BioNTech has extended beyond its identity as a COVID-19 vaccine manufacturer. While its revenue has been steadily declining, including a 35.4% drop, year over year, to 118.1 million euros (roughly $134 million) in the first quarter, the German company reported 16.8 billion euros (approximately $18 billion) in cash, cash equivalents, and security investments. Any buyer would essentially be buying a world-class clinical platform at a steep structural discount, with BioNTech's own cash offsetting a large portion of the up-front purchase price.

BioNTech has a late-stage oncology and ADC pipeline

Rather than buying early-stage science, an acquirer would step into a mature oncology portfolio. BioNTech has more than 25 phase 2 and phase 3 clinical trials running.

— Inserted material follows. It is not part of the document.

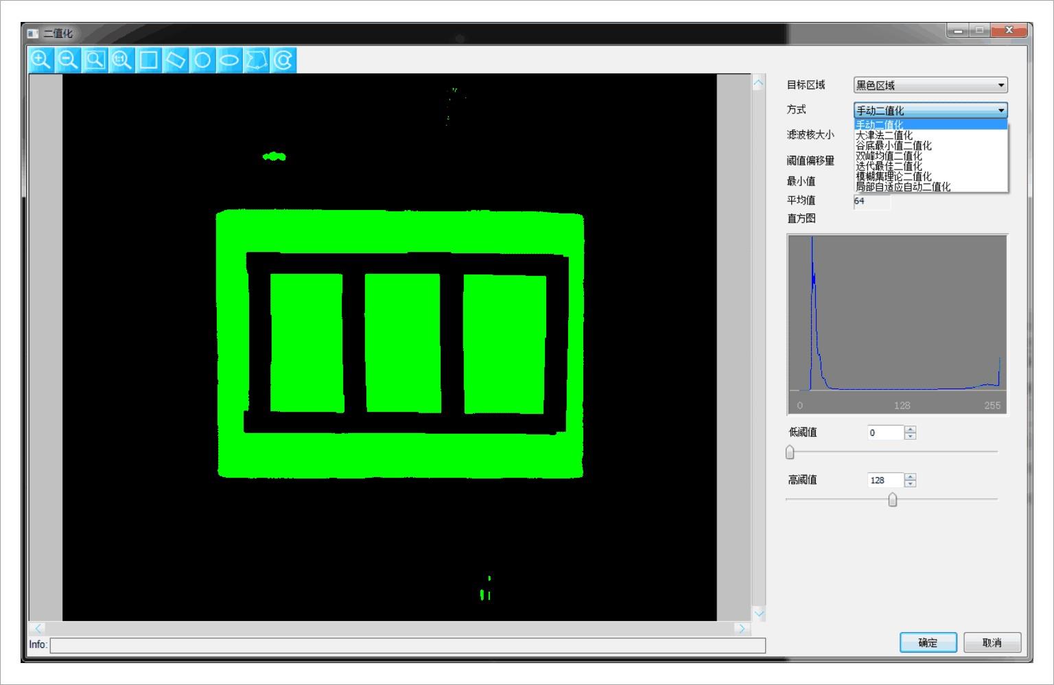 1)手动二值化:通过手动调节阈值实现图像二值化。

Some of the high-potential programs include Pumitamig, a bispecific immunomodulator currently being scaled into five new pivotal trials for lung, breast, and gastric cancers, and Gotistobart, a CTLA-4 antibody showing strong overall survival trends in non-small cell lung cancer, with pivotal phase III interim data due later this year.

A legacy pharma company facing its own patent cliffs could immediately absorb a late-stage portfolio spanning messenger RNA (mRNA) immunotherapies, next-gen immunomodulators, and highly sought-after antibody-drug conjugates (ADCs). BioNTech has six late-stage clinical readouts expected this year.

New BioNTech leadership may be more open to a buyout

Co-founders Uğur Şahin and Özlem Türeci hold voting control over the company's direction, and they have been committed to keeping BioNTech independent to realize their 2030 vision of becoming a fully integrated, multi-product oncology powerhouse.

However, with the co-founders scheduled to transition out of management by the end of 2026 to launch a separate, early-stage mRNA innovation spinoff, the corporate governance structure is shifting.

It's still a good time to buy this duo

Both companies have seen their shares drop by more than 13% over the past year. Neither is profitable, so they may find that taking a buyout makes more sense for the success of their promising pipelines.

It's easy to see Johnson & Johnson as a potential suitor for Legend Biotech, as the two companies already partner on Carvykti sales. BioNTech has partnered with Pfizer and Bristol Myers Squibb, so those two would be potential suitors.

There are other large pharmaceutical companies facing patent cliffs for their therapies and could benefit from acquiring Legend's or BioNTech's pipeline. There's a risk in buying any unprofitable biotech stock, but the potential upside is evident for these two.